Kinetic theory of inhomogeneous systems with long-range interactions and fluctuation-dissipation theorem

TL;DR

This paper advances the kinetic theory of inhomogeneous systems with long-range interactions by deriving response functions, kinetic equations, and fluctuation-dissipation relations, including for multi-species and stochastic systems, with applications to various physical models.

Contribution

It introduces a simplified formalism for the kinetic theory of inhomogeneous long-range systems, deriving new equations and relations, including a generalized fluctuation-dissipation theorem and stochastic kinetic equations.

Findings

Derived the diffusion tensor and friction by polarization.

Established the fluctuation-dissipation theorem for long-range systems.

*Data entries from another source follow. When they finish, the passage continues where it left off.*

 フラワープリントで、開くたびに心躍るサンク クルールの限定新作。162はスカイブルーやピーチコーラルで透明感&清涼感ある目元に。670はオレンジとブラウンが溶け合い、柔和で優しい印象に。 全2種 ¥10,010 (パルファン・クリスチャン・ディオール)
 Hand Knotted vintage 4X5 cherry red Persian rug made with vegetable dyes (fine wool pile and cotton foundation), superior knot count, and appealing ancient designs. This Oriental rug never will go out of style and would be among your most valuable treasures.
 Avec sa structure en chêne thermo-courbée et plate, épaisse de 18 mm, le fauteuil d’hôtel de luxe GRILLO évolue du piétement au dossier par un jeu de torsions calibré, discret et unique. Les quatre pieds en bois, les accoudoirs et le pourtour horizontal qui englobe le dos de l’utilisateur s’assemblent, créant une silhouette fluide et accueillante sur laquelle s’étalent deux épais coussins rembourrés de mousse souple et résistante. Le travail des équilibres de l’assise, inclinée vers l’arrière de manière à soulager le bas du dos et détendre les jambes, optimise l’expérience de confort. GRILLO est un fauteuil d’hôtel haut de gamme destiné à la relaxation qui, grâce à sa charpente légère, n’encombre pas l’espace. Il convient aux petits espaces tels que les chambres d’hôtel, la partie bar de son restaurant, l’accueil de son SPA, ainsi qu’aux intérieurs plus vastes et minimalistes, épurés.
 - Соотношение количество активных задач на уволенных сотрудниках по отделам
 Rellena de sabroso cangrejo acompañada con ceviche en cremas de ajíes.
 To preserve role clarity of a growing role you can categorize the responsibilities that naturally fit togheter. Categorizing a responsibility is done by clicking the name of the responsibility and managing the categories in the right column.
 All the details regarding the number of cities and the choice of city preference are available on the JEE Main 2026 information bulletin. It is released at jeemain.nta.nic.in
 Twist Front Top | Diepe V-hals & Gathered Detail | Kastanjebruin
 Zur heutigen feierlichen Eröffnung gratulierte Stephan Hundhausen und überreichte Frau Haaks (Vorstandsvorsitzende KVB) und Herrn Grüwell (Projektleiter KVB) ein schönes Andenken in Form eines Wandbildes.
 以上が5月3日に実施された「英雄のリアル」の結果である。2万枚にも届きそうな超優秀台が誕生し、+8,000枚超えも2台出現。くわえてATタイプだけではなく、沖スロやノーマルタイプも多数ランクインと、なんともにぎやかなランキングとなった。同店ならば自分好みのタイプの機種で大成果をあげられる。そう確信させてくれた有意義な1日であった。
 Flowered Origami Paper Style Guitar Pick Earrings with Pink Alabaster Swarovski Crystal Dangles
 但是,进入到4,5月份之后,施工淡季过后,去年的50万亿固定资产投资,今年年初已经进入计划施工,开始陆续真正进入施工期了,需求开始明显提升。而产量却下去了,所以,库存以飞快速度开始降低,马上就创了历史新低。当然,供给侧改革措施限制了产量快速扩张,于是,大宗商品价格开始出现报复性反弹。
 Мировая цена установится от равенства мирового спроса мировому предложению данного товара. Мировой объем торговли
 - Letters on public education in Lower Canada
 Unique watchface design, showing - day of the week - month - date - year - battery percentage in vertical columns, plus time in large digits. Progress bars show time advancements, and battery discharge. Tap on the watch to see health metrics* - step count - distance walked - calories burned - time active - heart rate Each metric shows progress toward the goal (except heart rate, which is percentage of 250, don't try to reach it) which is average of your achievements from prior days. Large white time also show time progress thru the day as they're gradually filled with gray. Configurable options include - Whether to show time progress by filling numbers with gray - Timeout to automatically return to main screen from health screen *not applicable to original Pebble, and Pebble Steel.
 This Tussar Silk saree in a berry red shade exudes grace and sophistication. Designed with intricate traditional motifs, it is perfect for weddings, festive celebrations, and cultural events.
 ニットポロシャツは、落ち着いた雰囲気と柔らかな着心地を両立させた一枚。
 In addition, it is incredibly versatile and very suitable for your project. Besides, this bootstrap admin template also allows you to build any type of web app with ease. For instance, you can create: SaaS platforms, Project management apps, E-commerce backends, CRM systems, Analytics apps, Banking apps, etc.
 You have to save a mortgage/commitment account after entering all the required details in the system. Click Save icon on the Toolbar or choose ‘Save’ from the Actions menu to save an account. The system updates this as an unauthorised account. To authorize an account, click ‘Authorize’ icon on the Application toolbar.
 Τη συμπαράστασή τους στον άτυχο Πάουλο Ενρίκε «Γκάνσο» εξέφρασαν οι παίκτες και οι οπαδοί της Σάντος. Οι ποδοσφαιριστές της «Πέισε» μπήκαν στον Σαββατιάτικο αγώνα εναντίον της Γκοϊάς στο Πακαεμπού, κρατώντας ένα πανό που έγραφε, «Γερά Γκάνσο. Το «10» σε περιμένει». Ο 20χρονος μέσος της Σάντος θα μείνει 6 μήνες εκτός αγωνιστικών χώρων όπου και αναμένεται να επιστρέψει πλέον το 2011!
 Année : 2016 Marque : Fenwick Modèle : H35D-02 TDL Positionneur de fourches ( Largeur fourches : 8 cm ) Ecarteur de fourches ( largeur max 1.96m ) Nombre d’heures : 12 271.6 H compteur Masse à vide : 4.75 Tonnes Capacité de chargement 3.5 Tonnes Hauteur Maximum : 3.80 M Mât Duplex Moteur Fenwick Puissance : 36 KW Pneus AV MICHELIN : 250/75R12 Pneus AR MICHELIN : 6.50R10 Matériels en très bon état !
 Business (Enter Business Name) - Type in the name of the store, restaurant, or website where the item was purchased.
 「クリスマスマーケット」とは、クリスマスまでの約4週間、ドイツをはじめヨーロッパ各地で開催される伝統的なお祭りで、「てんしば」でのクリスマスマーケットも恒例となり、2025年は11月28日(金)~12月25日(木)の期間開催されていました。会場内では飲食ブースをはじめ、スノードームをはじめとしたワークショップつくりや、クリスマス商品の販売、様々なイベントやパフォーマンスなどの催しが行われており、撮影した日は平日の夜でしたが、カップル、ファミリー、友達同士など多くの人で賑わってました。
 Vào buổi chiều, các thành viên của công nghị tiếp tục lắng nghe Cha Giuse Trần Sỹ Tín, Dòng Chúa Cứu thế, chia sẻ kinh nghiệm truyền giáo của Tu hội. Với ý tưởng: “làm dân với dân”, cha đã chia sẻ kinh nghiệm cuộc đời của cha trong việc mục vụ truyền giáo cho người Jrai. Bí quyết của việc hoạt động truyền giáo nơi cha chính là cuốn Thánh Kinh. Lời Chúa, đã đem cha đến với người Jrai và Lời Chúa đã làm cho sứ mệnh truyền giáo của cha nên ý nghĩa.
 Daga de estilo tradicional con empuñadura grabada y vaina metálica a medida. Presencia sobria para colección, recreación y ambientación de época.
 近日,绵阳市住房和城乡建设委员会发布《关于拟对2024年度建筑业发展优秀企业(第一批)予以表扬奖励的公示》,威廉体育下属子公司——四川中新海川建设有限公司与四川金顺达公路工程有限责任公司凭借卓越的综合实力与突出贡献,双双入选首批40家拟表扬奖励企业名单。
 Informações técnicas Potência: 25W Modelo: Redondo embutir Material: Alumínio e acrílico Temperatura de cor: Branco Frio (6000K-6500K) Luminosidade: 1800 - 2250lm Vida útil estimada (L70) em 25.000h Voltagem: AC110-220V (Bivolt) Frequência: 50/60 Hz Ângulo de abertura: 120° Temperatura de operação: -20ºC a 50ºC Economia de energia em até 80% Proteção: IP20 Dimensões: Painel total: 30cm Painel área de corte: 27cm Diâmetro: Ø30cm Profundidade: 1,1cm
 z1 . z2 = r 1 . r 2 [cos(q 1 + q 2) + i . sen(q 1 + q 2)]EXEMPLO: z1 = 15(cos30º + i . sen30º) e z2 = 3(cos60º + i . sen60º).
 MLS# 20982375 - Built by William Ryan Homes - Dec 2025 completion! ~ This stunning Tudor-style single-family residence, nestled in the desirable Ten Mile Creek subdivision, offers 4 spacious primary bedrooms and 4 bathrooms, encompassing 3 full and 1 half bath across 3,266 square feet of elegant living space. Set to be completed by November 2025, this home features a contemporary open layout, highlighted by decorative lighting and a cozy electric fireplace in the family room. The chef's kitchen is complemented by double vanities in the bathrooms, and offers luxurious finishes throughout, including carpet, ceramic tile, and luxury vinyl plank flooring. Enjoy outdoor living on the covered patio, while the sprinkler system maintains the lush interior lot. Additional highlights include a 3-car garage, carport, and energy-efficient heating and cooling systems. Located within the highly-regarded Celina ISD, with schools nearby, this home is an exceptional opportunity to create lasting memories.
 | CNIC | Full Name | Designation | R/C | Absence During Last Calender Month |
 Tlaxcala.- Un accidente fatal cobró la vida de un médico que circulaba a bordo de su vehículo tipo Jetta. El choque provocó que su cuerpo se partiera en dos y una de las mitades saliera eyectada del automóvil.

Reduced the inhomogeneous Lenard-Balescu equation to the Landau equation when collective effects are neglected.

Abstract

We complete the kinetic theory of inhomogeneous systems with long-range interactions initiated in previous works. We use a simpler and more physical formalism. We consider a system of particles submitted to a small external stochastic perturbation and determine the response of the system to the perturbation. We derive the diffusion tensor and the friction by polarization of a test particle. We introduce a general Fokker-Planck equation involving a diffusion term and a friction term. When the friction by polarization can be neglected, we obtain a secular dressed diffusion (SDD) equation sourced by the external noise. When the external perturbation is created by a discrete collection of $N$ field particles, we obtain the inhomogeneous Lenard-Balescu kinetic equation reducing to the inhomogeneous Landau kinetic equation when collective effects are neglected. We consider a multi-species system of particles. When the field particles are at statistical equilibrium (thermal bath), we establish the proper expression of the fluctuation-dissipation theorem for systems with long-range interactions relating the power spectrum of the fluctuations to the response function of the system. In that case, the friction and diffusion coefficients satisfy the Einstein relation and the Fokker-Planck equation reduces to the inhomogeneous Kramers equation. We also consider a gas of Brownian particles with long-range interactions described by $N$ coupled stochastic Langevin equations and determine its mean and mesoscopic evolution. We discuss the notion of stochastic kinetic equations and the role of fluctuations possibly triggering random transitions from one equilibrium state to the other. Our presentation parallels the one given for two-dimensional point vortices in a previous paper [P.H. Chavanis, Eur. Phys. J. Plus 138, 136 (2023)].